Course: Decolonizing Research: The Northern Paiute History Project

HC 444H/431H

Professors: Kevin Hatfield, Jennifer O'Neal

Graduation Requirement: This class fulfills both of the following requirements: a Social Science Colloquium and an AC Multicultural class. If the student has already taken a Social Science Colloquium, this class fulfills both of the following requirements: an Elective Colloquium and an AC Multicultural class.

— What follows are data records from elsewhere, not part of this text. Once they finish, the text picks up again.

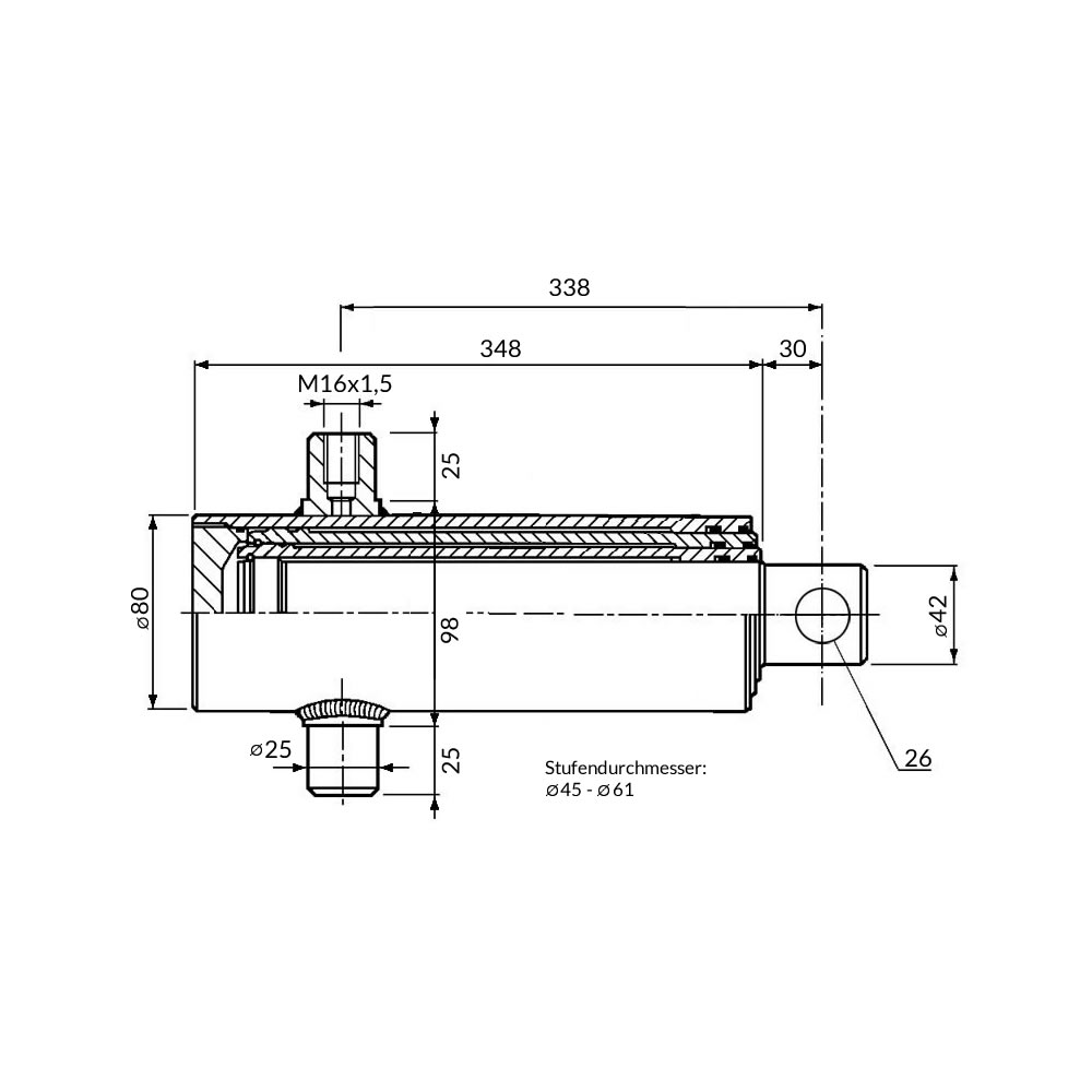 Einfachwirkender Teleskopzylinder, zweistufig, Hub 500mm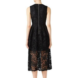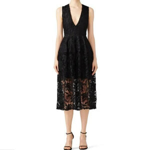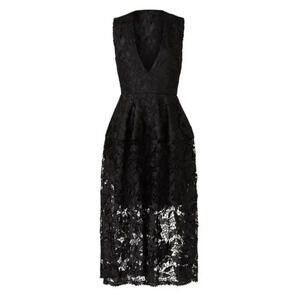 Nicholas Deep V Neck Floral Lace Midi Dress Black Size 0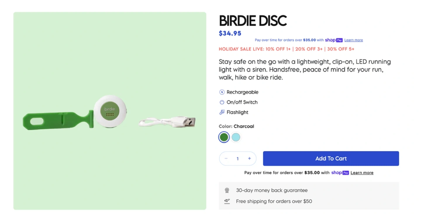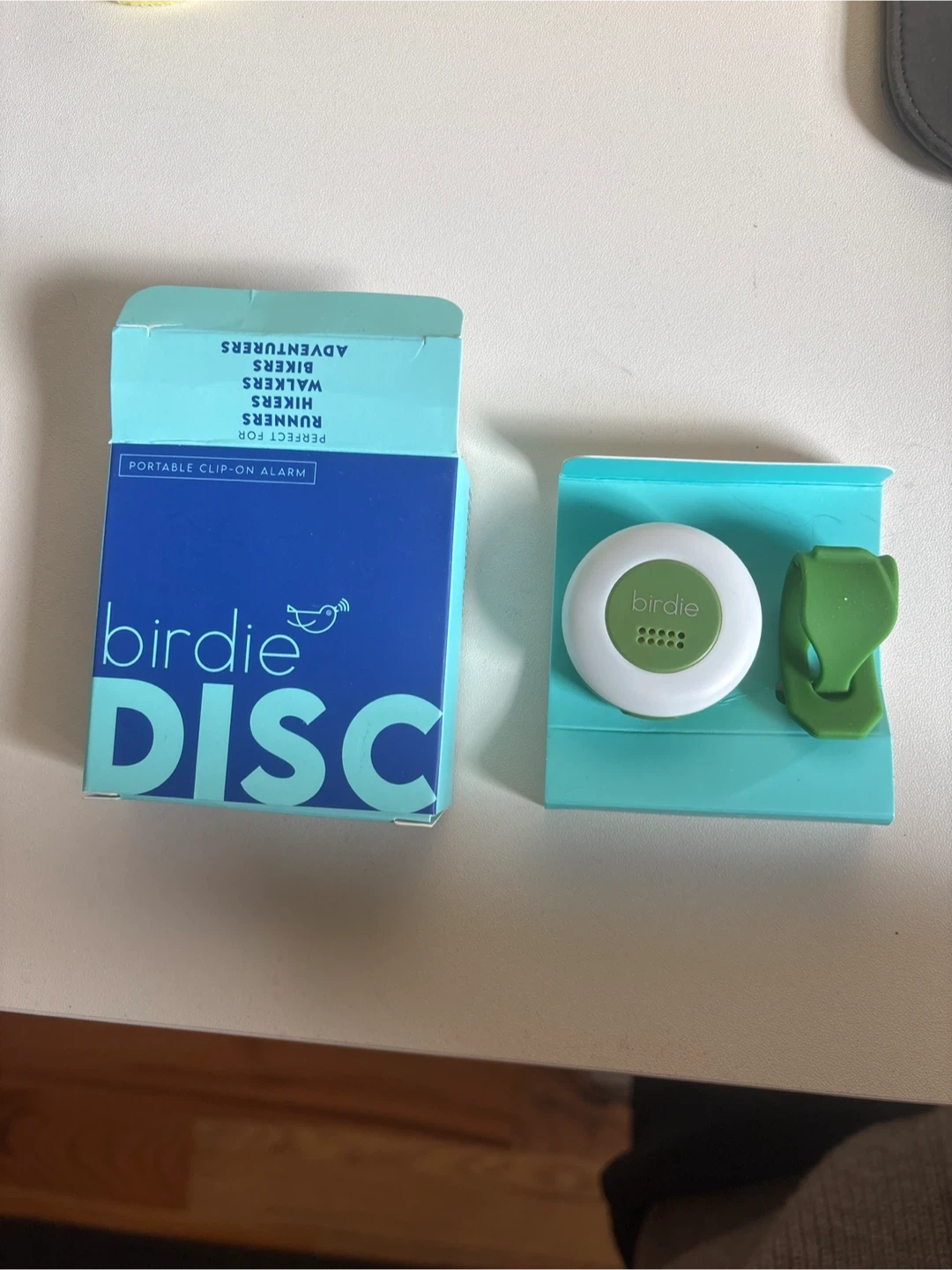 Selling a Birdie Disc portable clip-on alarm. It's green in color and comes with the box brand new. This lightweight disc has a clip-on design and features an on/off switch, flashlight, and is rechargeable! Stay safe on the go with this LED running light and siren, perfect for running, walking, hiking, or bike riding. Originally $34.95.

Over the past four years the “Northern Paiute History Project” has evolved into a formal collaboration betweenco-instructors Kevin Hatfield Jennifer O’Neal and the Northern Paiute communities of the Confederated Tribes of Warm Springs and the Burns Paiute Tribe. The course instructors have partnered with tribal elders, spiritual leaders, language instructors, Museum and Culture and Heritage Department staff, and many other tribal community members and visiting scholars to develop a set of shared research protocols and ethics for this course. The course positions students to perform original research and create new knowledge in direct and continuous collaboration and mentorship with tribal community partners. Ultimately, students contribute scholarship to a largely neglected and traditionally marginalized and distorted field of history, while applying their research to on-going community-based “restoration” history projects with the Northern Paiute tribal communities.

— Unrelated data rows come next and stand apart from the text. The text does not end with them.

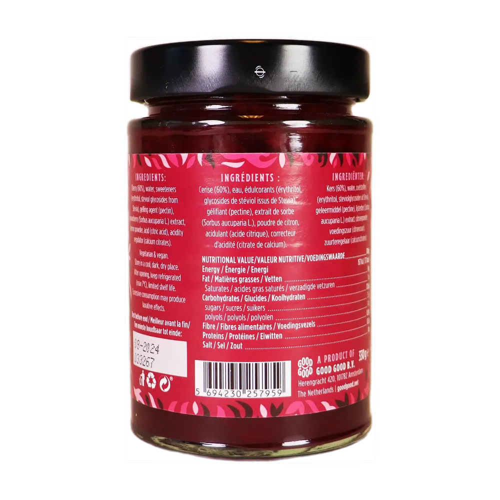 Dżem wiśniowy bez dodatku cukru - Cherry Jam - Keto Friendly - Good Good, 330g
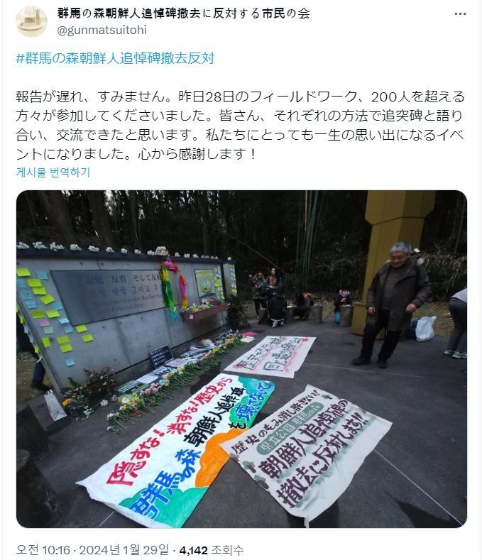 일본 군마(群馬)현 당국이 현립공원에 설치됐던 ‘강제동원 조선인 추도비’를 철거했다고 인정했다.
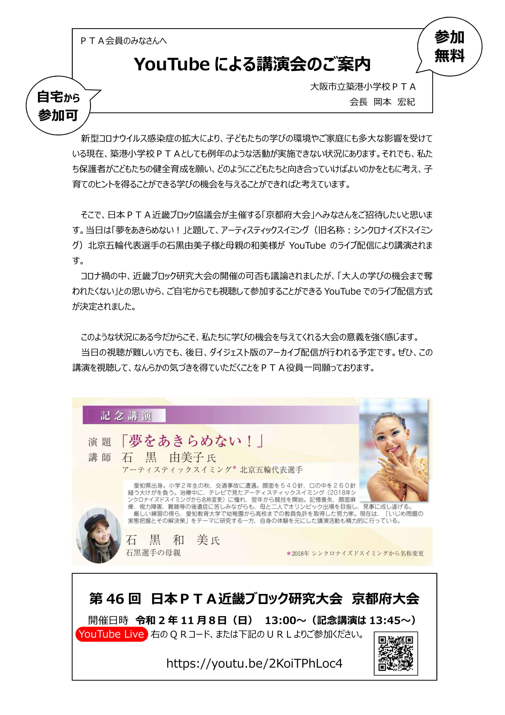 港区PTA協議会からの研修会のお知らせ(10月21日)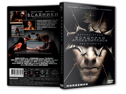 Год выпуска: 2009 Страна: США Слоган: «Four victims. Four painful secrets.» Жанр: триллер, драма, криминал, детектив Продолжительность: 01:30:13 Перевод: Профессиональный (многоголосый, закадровый)Режиссер: Йонас Акерлунд Сценарий: Дэйв Каллахэм Продюсер: Майкл Бэй, Эндрю Форм, Брэдли Фуллер Оператор: Эрик Бромс Композитор: Ян А.П. Качмарек В ролях: Деннис Куэйд, Чжан Цзыи, Лу Тэйлор Пуччи, Клифтон Коллинз мл., Бэрри Шебака Хенли, Патрик Фьюджит, Эрик Бальфур, Пол Дули, Томас Митчел, Лайам ДжеймсБюджет: $20 000 000 Сборы в мире: $2 405 815Описание: Недавно овдовевший и всё ещё оплакивающий смерть жены, коп Эйдан Бреслин всё больше уединяется в своём горе и отдаляется от своих сыновей. На работе же он находит себя в расследовании ужасных и извращённых убийств, основанных на библейском пророчестве о Четырёх Всадниках Апокалипсиса. Постепенно, продвигаясь в расследовании, он начинает понимать, что существует прямая связь между этими убийствами и им самим... MPAA: Релиз: Раздача группы: Качество: DVD5 (сжатый) Формат: DVD Video Видео: MPEG2; PAL 16:9 (720x576) Аудио #1: Dolby AC3, 6 ch, 384 Kbps Russian Аудио #2: Dolby AC3, 6 ch, 384 Kbps English Субтитры: русскиеДополнительная информация : Исходник : DVD9 (5.9 Гб) [лицензия, PAL 16:9] Убрано : допы, реклама, заставки, предупреждения Сжатие фильма : 12.4 % сжатия (без учета ручного перераспределения битрейта, за счет большего сжатия конечных титров)

“We don’t care what you know, until we know that you care.” Visiting indigenous scholars and students interacting with our students echoed this maxim repeatedly when reflecting on their research collaborations with settler-society allies and academic institutions during the third annual Climate Change and Indigenous Peoples Conference hosted at the UO in fall 2014. This conviction exemplifies the decolonizing methodological framework guiding our course, which encourages students engaging in research with indigenous source communities to explore multiple forms of “knowledges.” One of the many thinkers the instructors draw inspiration from for crafting the pedagogy of the course is Eva Marie Garroutte and her concept of “Radical Indigenism,” which contends: “Entering tribal relations implies maintaining respect for community values in the search for knowledge. This respect is much more than an attitude, it requires real commitments and real sacrifices on the part of those who practice it.” Hence, the course explores how historically the educational system, and often particularly the writing and teaching of social sciences, have functioned as sites of oppression, assimilation, and ethnocide controlled by dominant culture voices and misrepresentations. We seek to reframe and reexamine this historiography and construct through restorative social justice.

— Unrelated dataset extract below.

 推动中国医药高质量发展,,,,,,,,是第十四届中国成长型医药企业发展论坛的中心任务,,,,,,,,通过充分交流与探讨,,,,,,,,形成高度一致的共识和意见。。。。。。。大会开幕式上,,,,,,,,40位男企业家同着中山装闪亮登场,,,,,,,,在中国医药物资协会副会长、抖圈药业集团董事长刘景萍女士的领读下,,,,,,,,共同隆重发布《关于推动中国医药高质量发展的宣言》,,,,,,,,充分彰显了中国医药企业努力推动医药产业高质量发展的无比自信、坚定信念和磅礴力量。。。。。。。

The transformative centerpiece of the course is a two-day mandatory field research trip (tentatively scheduled for October 14-15, 2016) to the Warm Springs Reservation and cultural sites in Central Oregon. This experience fosters relationships that endure throughout, and beyond, the class through partner class visits on campus, conference calls, written correspondence, and oral histories. The trip also encourages students to think critically about the way they have traditionally learned history by physically and intellectually immersing them in the culture and history they are studying and placing them in dialogue with tribal community course partners. The group discussions between students and tribal members also generate new questions such as how to incorporate the multiple viewpoints and truths presented from tribal members, and how to negotiate differences and contradictions among documentary primary sources, oral history testimony, and living memory.

According to Wilson Wewa, Warm Springs tribal elder, spiritual leader, and course partner: “[The class] is an opportunity for me to enlighten non-native students about Native American history. The work has been a long time coming for the university community to reach out to the tribal communities, to get our perspective on the history that’s been written about us because it has been a diluted history based on writings from the military, from the federal government, from the state government, and the Indian agents. With dedicated researchers and students, they are the ones that want to know the truth, they are the ones that are unlocking those doors of change.”